方法:使用3D打印技术打印义齿基托树脂样品。样品的形状和尺寸参考用于测试常规义齿基托材料的当前标准。用于物理性能测试的样品为圆柱形(直径为15毫米,厚度为1毫米),并沿Z轴(0°,45°,90°)。使用扫描电子显微镜观察不同样品的微观形貌。通过颜色稳定剂观察不同样品的颜色稳定性。使用表面粗糙度测试仪分析样品的表面粗糙度。测量维氏硬度以分析样品的硬度。用于机械性能测试的样品为矩形(弹性模量和弯曲强度:长度为64mm,宽度为10毫米,高度为3.3毫米;断裂韧性:长度为39毫米,8毫米的宽度,和4毫米的高度),分为两组:W组和H组。W组沿Z轴从下到上打印,长度×宽度为底面平行于X,Y轴平面,而H组沿Z轴从下往上打印,长度×高度为平行于X的底面,Y轴平面。两组的成形角度均分为0°,45°,90°。弹性模量,通过万能力学试验机研究了不同试样的弯曲强度和断裂韧性。采用SPSS22.0软件进行统计分析。

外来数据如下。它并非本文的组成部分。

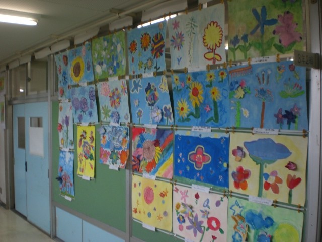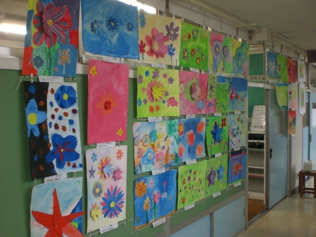 3年生の廊下掲示です。立体的に作った作品が並びます。どれも力作ですね。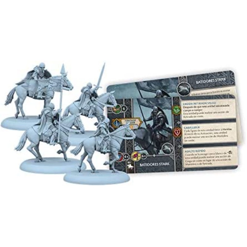 Description du produitBien qu’ils ne soient pas équipés pour de longs corps à corps, les Cavaliers de la Maison Stark se retrouvent rarement en mauvaise position. Ils se caractérisent par une mobilité sans pareille, grâce à leurs armures légères et leurs chevaux non bardés, entraînés à conserver leur calme et à galoper. À l’instar de la plupart des troupes légères, les Cavaliers sont vulnérables aux flèches, ce qui fait des archers leur proie naturelle. Ils peuvent fondre sur eux et balayer leurs rangs en un éclair.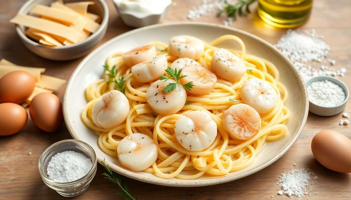 Ce plat de tagliatelles aux noix de Saint-Jacques évoque les régions côtières d'Italie, où les fruits de mer sont souvent mis à l'honneur dans des préparations simples et délicieuses.

结果:不同样品的微观形貌和粗糙度与印刷方向密切相关,0°之间存在显著差异,45°,和90°标本。0°试样具有最光滑的表面(粗糙度<1μm)。45°试样的表面是最粗糙的(粗糙度>3μm)。0°试样的显微硬度最好[(196.13±0.20)MPa],与90°样品[(186.62±4.81)MPa相比有显著差异,P<0.05]。不同样品的力学性能也与印刷方向密切相关。弹性模量,弯曲强度,与其他组相比,W组45°样品的断裂韧性最高。弹性模量测定结果表明,在H组中,45°试样的弹性最大,与0°和90°标本有显著差异(P<0.05)。W组0°和45°试样的弹性模量均高于90°试样(P<0.05)。弯曲强度结果表明,H组不同角度的试样之间没有显着差异。W组90°试样的抗弯强度最小,90°与0°和45°试样有显著性差异(P<0.05);W组0°和45°试样的弯曲强度明显高于H组0°和45°试样(P<0.05)。断裂韧性结果表明,H组试样的断裂韧性均低于义齿基托标准规定的1.9MPam1/2。W组45°样品最高,与0°和90°样品相比差异显著(P<0.05)。W组样品的90°样品低于1.9MPam1/2。W组45°试样的断裂韧性明显高于H组(P<0.05)。
结论:0°样品具有相对较好的物理性质。45°样品具有最好的机械性能。但试样(H组和W组90°试样)的断裂韧性尚未达到临床要求。这表明3D打印义齿基托树脂的特性受到打印方向的影响。只有当印刷样品在各个方向上的性能都满足标准的最低要求时,它们可以用于临床实践。